> _DATA UNDER STUDY_
'''
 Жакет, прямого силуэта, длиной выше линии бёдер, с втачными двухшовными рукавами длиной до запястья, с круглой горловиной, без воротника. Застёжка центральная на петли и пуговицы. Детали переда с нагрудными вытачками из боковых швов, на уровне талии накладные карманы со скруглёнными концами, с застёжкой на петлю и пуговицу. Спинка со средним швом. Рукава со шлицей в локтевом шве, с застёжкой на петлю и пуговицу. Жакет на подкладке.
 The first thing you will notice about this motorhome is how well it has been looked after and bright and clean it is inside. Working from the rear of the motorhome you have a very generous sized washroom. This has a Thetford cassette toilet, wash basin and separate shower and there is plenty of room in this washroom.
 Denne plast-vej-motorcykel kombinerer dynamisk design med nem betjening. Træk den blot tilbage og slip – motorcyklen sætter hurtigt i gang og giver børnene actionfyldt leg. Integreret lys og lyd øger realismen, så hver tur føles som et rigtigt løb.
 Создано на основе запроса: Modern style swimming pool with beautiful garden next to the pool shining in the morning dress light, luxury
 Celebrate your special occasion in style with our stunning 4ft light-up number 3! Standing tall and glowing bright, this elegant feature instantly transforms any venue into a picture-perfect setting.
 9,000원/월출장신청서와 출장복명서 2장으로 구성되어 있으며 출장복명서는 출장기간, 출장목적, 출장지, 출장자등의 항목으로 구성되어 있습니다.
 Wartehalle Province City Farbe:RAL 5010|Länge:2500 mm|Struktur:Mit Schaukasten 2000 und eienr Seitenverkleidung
'''
'''
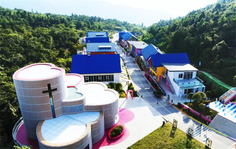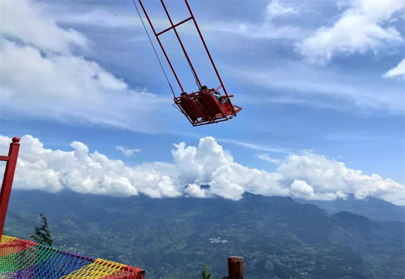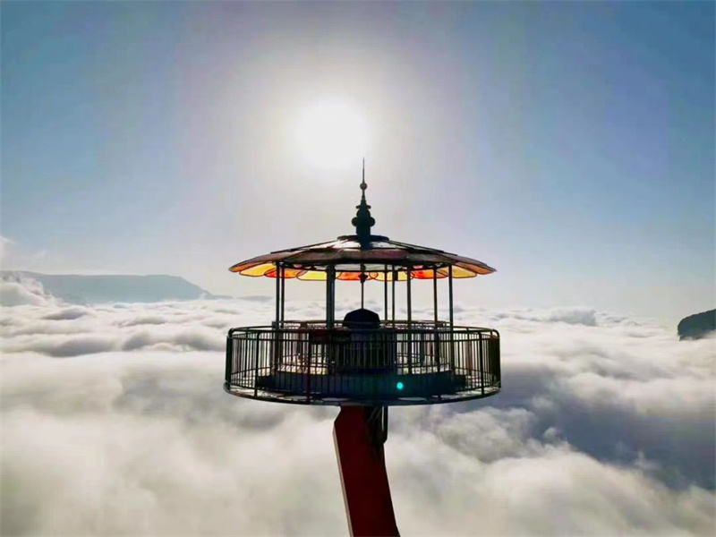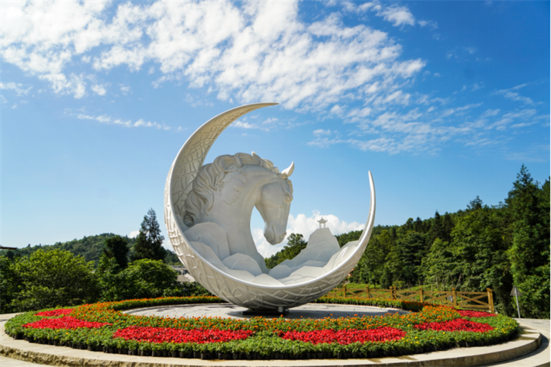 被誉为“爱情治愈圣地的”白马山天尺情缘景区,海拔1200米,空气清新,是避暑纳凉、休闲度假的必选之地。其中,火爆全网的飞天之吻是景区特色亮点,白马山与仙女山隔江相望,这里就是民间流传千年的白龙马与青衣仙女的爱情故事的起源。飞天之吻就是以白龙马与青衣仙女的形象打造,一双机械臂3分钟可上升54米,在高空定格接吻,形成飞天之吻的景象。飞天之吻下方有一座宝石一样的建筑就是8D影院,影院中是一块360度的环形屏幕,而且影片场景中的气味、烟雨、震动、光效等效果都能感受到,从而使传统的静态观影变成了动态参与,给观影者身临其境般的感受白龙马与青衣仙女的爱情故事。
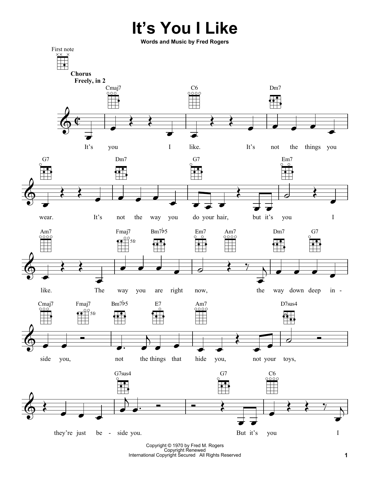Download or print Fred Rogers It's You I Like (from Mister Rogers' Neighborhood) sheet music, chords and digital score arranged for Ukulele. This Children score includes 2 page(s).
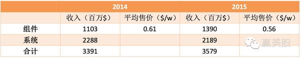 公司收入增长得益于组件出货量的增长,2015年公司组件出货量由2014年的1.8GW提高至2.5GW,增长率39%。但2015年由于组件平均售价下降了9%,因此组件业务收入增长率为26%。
'''
> _INSTRUCTIONS TO FOLLOW_
Output the lines of the records above exactly as they appear, from the line containing "Жакет, прямого силуэта, длиной" through the line containing "Wartehalle Province City".

> _RESULT_
 Жакет, прямого силуэта, длиной выше линии бёдер, с втачными двухшовными рукавами длиной до запястья, с круглой горловиной, без воротника. Застёжка центральная на петли и пуговицы. Детали переда с нагрудными вытачками из боковых швов, на уровне талии накладные карманы со скруглёнными концами, с застёжкой на петлю и пуговицу. Спинка со средним швом. Рукава со шлицей в локтевом шве, с застёжкой на петлю и пуговицу. Жакет на подкладке.
 The first thing you will notice about this motorhome is how well it has been looked after and bright and clean it is inside. Working from the rear of the motorhome you have a very generous sized washroom. This has a Thetford cassette toilet, wash basin and separate shower and there is plenty of room in this washroom.
 Denne plast-vej-motorcykel kombinerer dynamisk design med nem betjening. Træk den blot tilbage og slip – motorcyklen sætter hurtigt i gang og giver børnene actionfyldt leg. Integreret lys og lyd øger realismen, så hver tur føles som et rigtigt løb.
 Создано на основе запроса: Modern style swimming pool with beautiful garden next to the pool shining in the morning dress light, luxury
 Celebrate your special occasion in style with our stunning 4ft light-up number 3! Standing tall and glowing bright, this elegant feature instantly transforms any venue into a picture-perfect setting.
 9,000원/월출장신청서와 출장복명서 2장으로 구성되어 있으며 출장복명서는 출장기간, 출장목적, 출장지, 출장자등의 항목으로 구성되어 있습니다.
 Wartehalle Province City Farbe:RAL 5010|Länge:2500 mm|Struktur:Mit Schaukasten 2000 und eienr Seitenverkleidung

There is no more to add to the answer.